▶ EXERCISE GOAL
Under this line is a listing; return exactly the lines starting at the one with "Nutrient solution. The" and running down to the one with "自分たちで考え、作っている「かるた」の仕上げをしています。", and leave out its pictures.

▶ SUPPLIED DATA
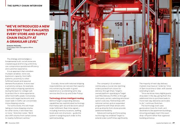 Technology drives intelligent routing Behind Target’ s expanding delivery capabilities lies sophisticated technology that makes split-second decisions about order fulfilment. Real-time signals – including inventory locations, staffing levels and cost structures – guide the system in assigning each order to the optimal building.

==

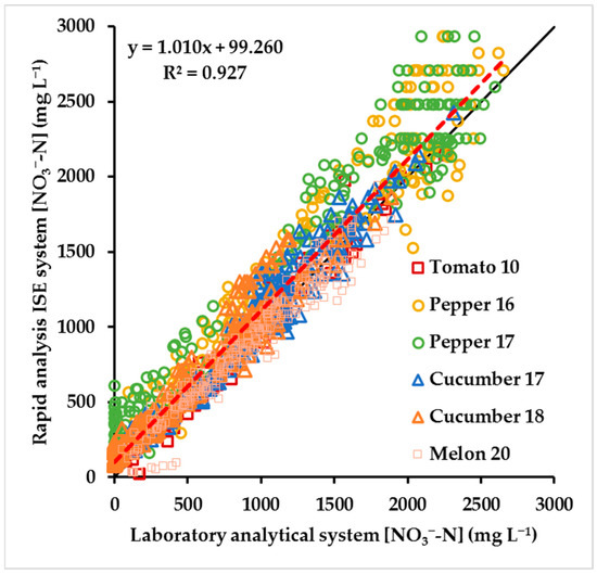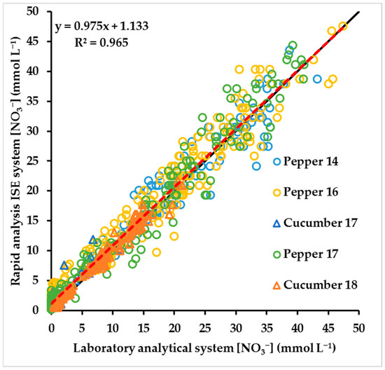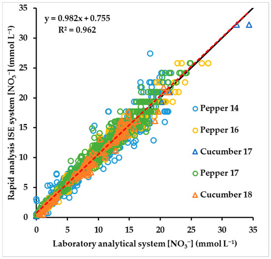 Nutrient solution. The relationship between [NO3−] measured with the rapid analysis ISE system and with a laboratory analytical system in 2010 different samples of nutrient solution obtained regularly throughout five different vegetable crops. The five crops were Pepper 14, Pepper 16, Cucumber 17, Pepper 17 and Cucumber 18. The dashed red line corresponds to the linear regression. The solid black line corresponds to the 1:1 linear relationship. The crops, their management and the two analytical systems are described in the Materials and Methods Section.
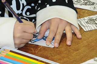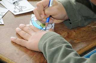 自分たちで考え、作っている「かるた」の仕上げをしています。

▶ ANSWER SPACE
 Nutrient solution. The relationship between [NO3−] measured with the rapid analysis ISE system and with a laboratory analytical system in 2010 different samples of nutrient solution obtained regularly throughout five different vegetable crops. The five crops were Pepper 14, Pepper 16, Cucumber 17, Pepper 17 and Cucumber 18. The dashed red line corresponds to the linear regression. The solid black line corresponds to the 1:1 linear relationship. The crops, their management and the two analytical systems are described in the Materials and Methods Section.
 自分たちで考え、作っている「かるた」の仕上げをしています。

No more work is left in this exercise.